El Gobierno nacional completó la adjudicación de la Vía Navegable Troncal con la selección de la firma belga Jan de Nul-Servimagnus como ganadora de la licitación pública, en el último paso del proceso de privatización de la estratégica vía por la que circula el 80% del comercio exterior argentino.
La adjudicación quedó formalizada mediante la Resolución 2026-36-APN-ANPYN#MEC de la Agencia Nacional de Puertos y Navegación, que dio por concluidas las evaluaciones correspondientes y cerró el proceso licitatorio.
Según informó el Gobierno, la empresa adjudicataria presentó la mejor oferta y el cierre del procedimiento no registró impugnaciones por parte de las compañías participantes, que convalidaron los dictámenes técnicos emitidos por la Comisión Evaluadora durante las distintas etapas de la licitación.
La firma del contrato está prevista para dentro de un plazo máximo de 30 días y, de acuerdo con lo informado oficialmente, activará una reducción del 13,5% en los costos logísticos.

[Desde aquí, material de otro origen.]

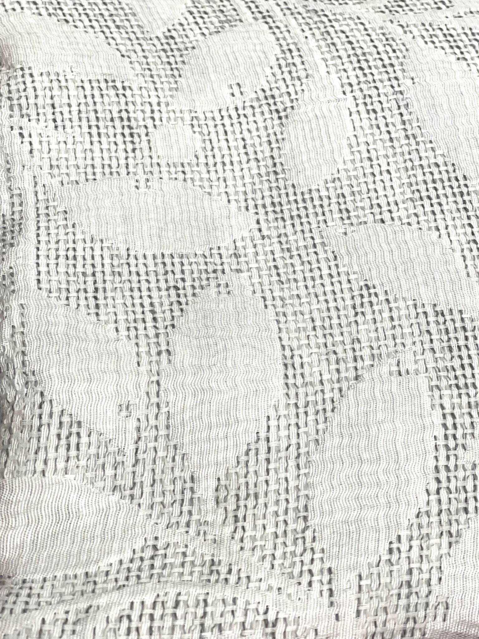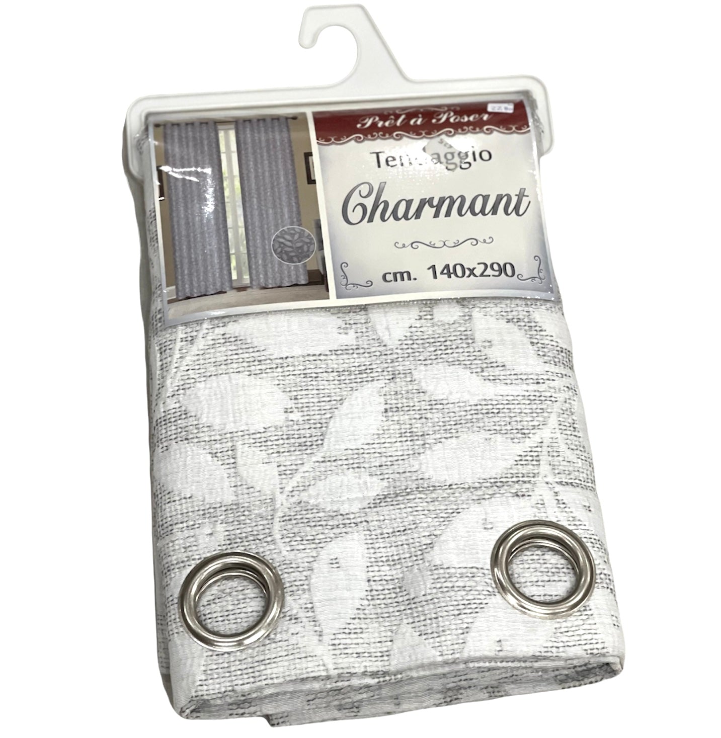 Tenda con anelli bianca e grigia con foglie
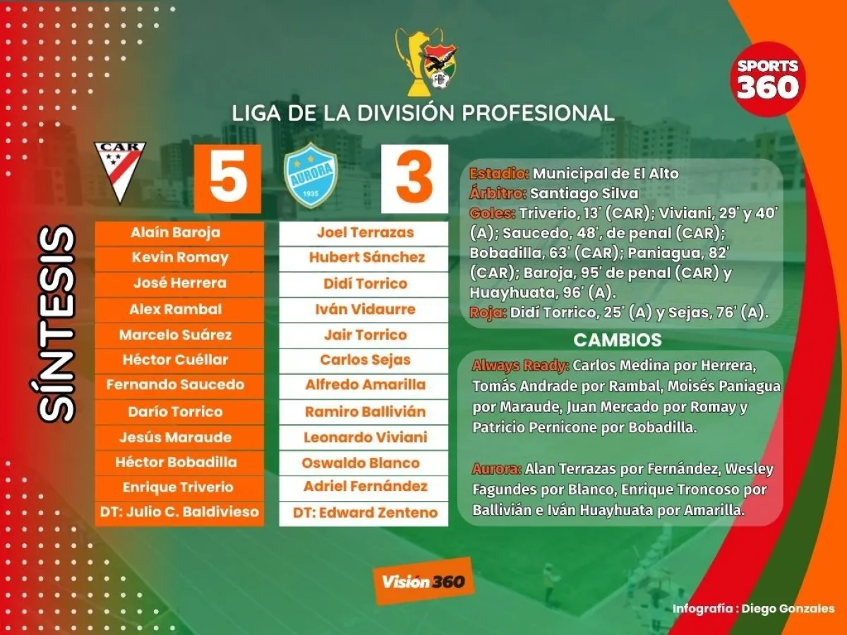 Always Ready, que sufrió en el primer tiempo, venció a Aurora (5-3), este jueves en el estadio Municipal de El Alto por la fecha 27 del torneo Liga de la División Profesional, y mete presión a The Strongest y Bolívar para que no fallen en sus respectivos partidos de día.
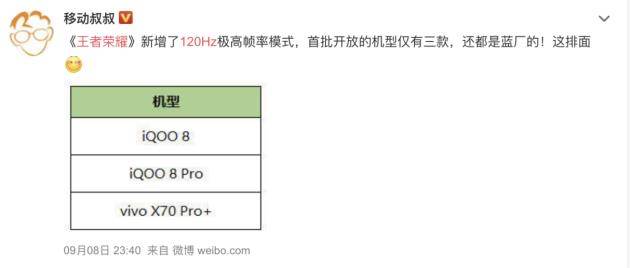 《王者荣耀》此次升级120Hz极高帧率,将为用户带来“质”的游戏体验改变,游戏操控体验将更加跟手、丝滑,游戏画面将更具冲击力,同时也对手机的硬件配置提出了更高的要求。极高帧率模式首发机型被vivo包揽,获得了众多数码大V的关注,众多大V纷纷表示“蓝厂这排面给足了。”而众多游戏玩家则表示“手机该换了。”
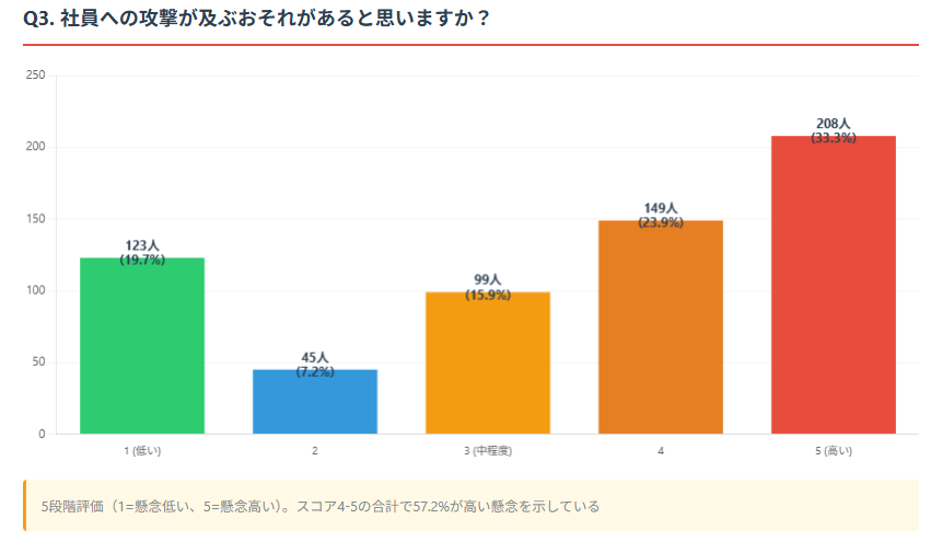 調査では、「社員による告訴」と説明したことで、かえって当該社員に攻撃が及ぶのではないかという懸念が多数寄せられた。「社員への攻撃の懸念」を5段階(5が最も懸念)で尋ねたところ、「スコア5(非常に懸念)」が33.3%(208人)、「スコア4」が23.9%(149人)となり、合計57.2%(357人)の回答者が高い懸念を示した。
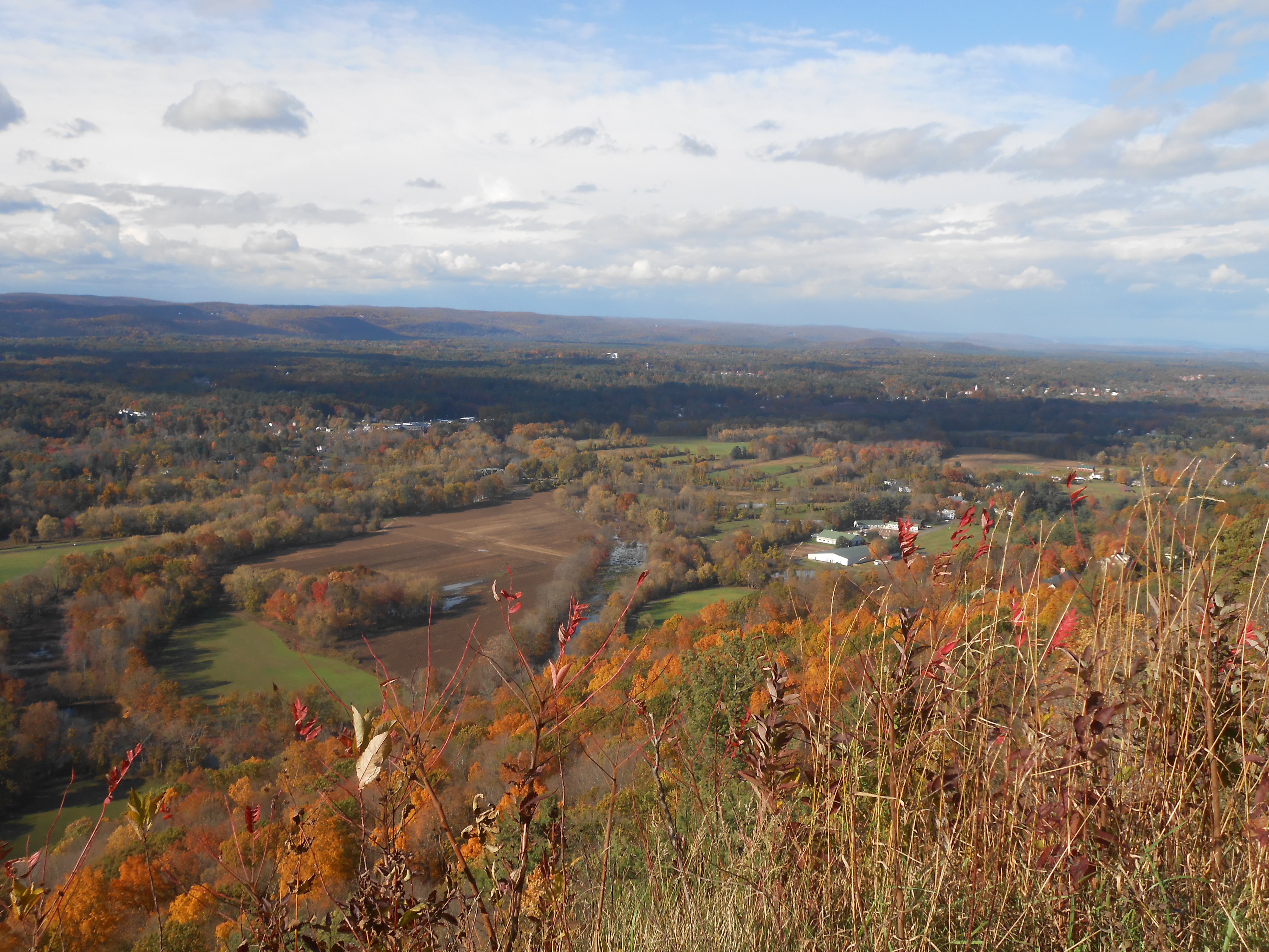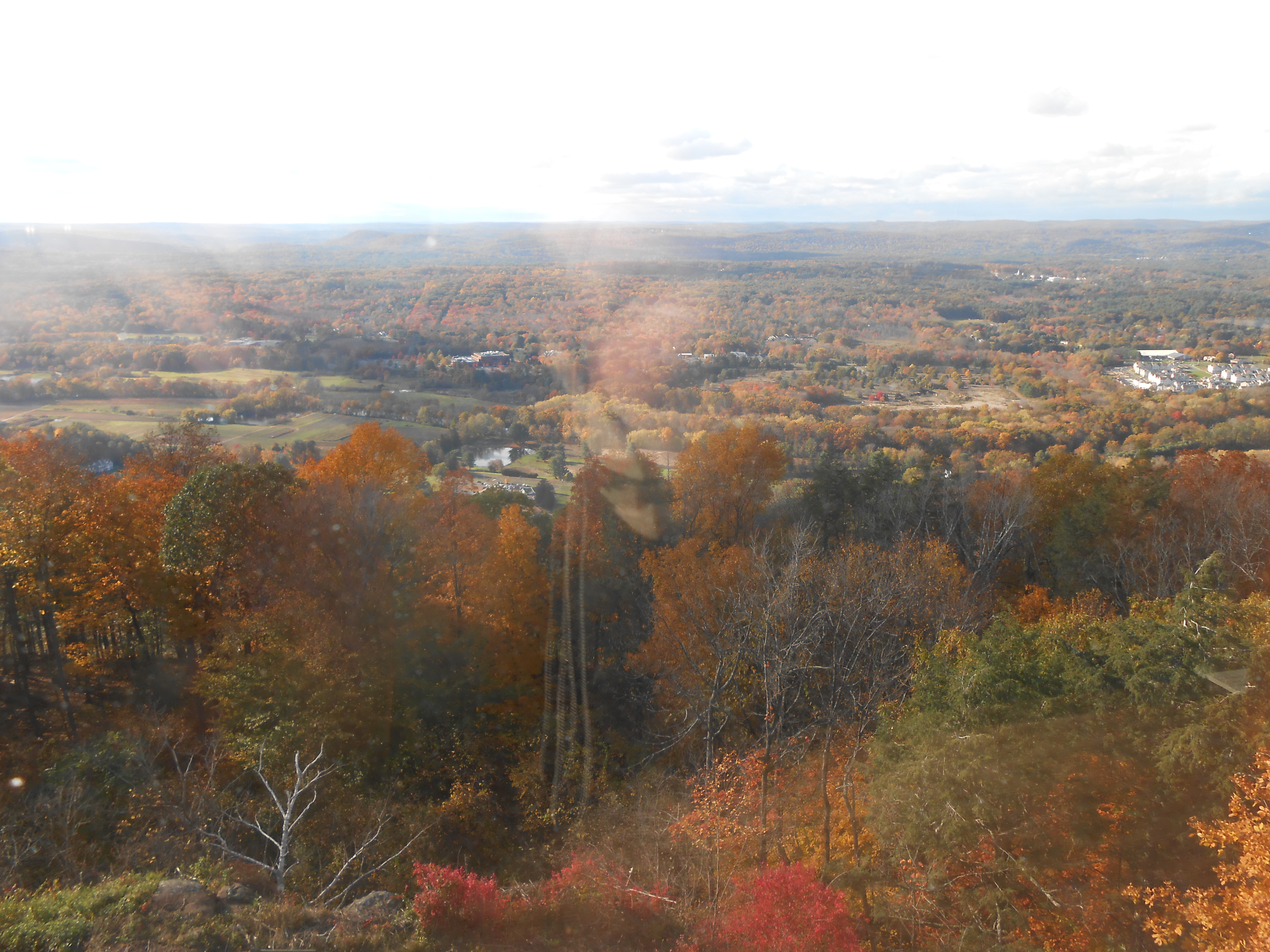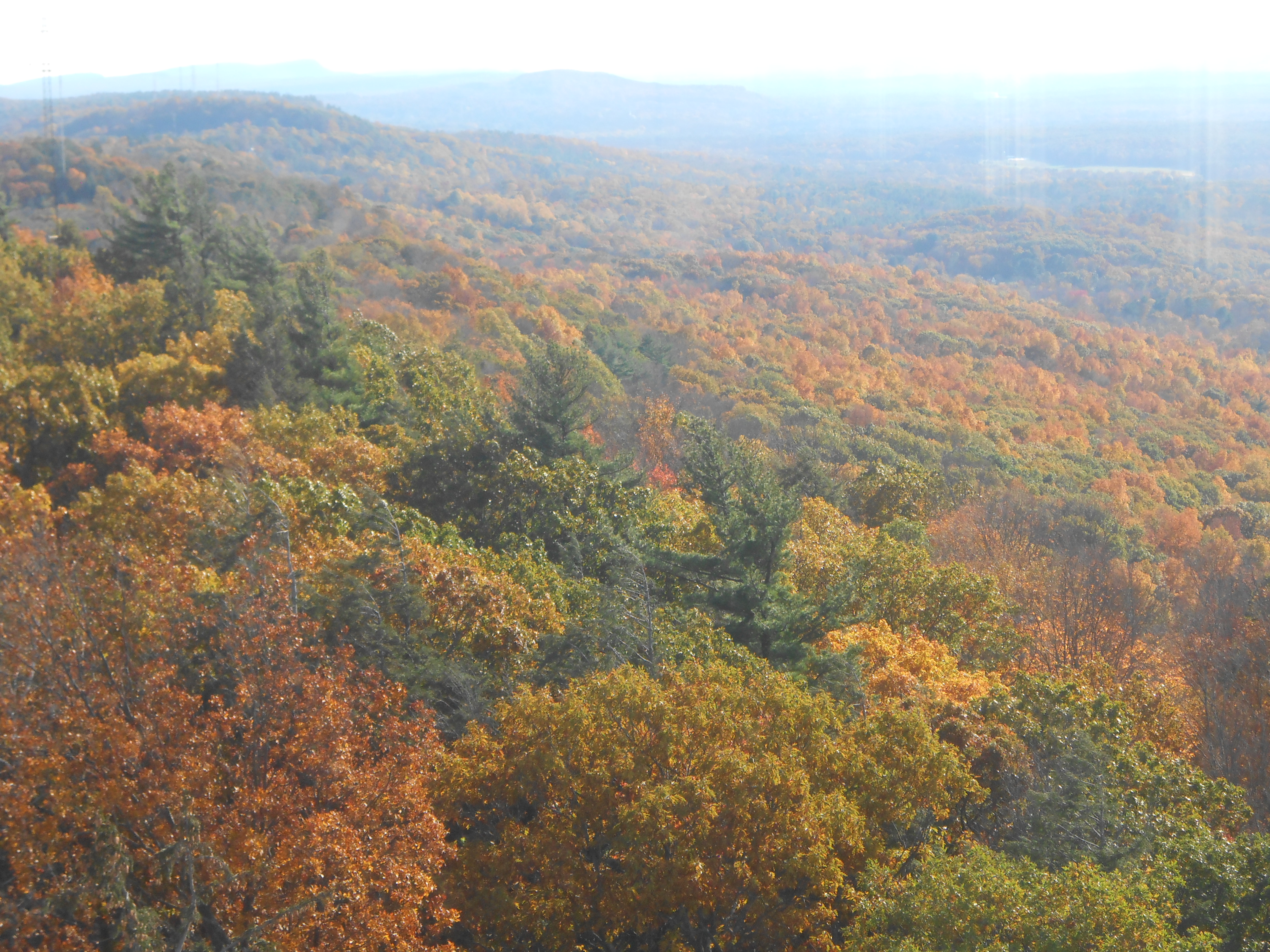Hiking up the mountain isn’t too bad a hike at all.  There are several trails to get to the Tower.  The most popular one is a little steep at first, through autumn woods, but there are benches along the way if you’re out of shape and need a rest.  We were in good enough shape not to!  Then, you come out of the woods and onto a ridge overlooking the valley below.  The view along this ridge is wonderful, and you might even see a hawk as we did! Some great overlooks.

Asimismo, el proyecto contempla obras de profundización de la vía navegable y la incorporación de tecnología destinada a mejorar la seguridad de la navegación y fortalecer las acciones de combate contra el narcotráfico.
Las obras previstas permitirán que los buques completen la carga en los puertos de origen, con el objetivo de generar ahorros adicionales, ampliar la frontera productiva e incrementar la competitividad de los sectores productivos e industriales.
El Gobierno destacó además que el proceso licitatorio contó con el respaldo de usuarios privados, entre ellos la Cámara de la Industria Aceitera de la República Argentina y Centro Exportador de Cereales, la Unión Industrial Argentina, la Bolsa de Comercio de Rosario, la Cámara de Puertos Privados Comerciales y la Cámara de Actividades Portuarias y Marítimas.
El Gobierno presentó el cierre del proceso como un “éxito”, pese a las graves irregularidades y cuestionamientos que atravesaron la licitación de una de las infraestructuras más estratégicas para el comercio exterior argentino, según Ámbito.
La belga tiene como socio local al Grupo Román, del magnate Ricardo Román y cuyas negociaciones llevó adelante su hijo Leonardo.
La decisión se conoce en medio de fuertes cuestionamientos al proceso licitatorio. Un documento reservado elaborado por especialistas internacionales advirtió sobre posibles irregularidades en el pliego, entre ellas un presunto direccionamiento a favor del consorcio ganador, conflictos de interés dentro del comité evaluador, una tarifa mínima de peaje que habría condicionado las ofertas -impulsando un empate entre los valores, algo nunca visto- y sospechas de costos inflados en el esquema de dragado y balizamiento que serán cedidos al tándem Elías-Ondarcuhu.
De acuerdo con la información oficial, la licitación mantuvo criterios de transparencia pública.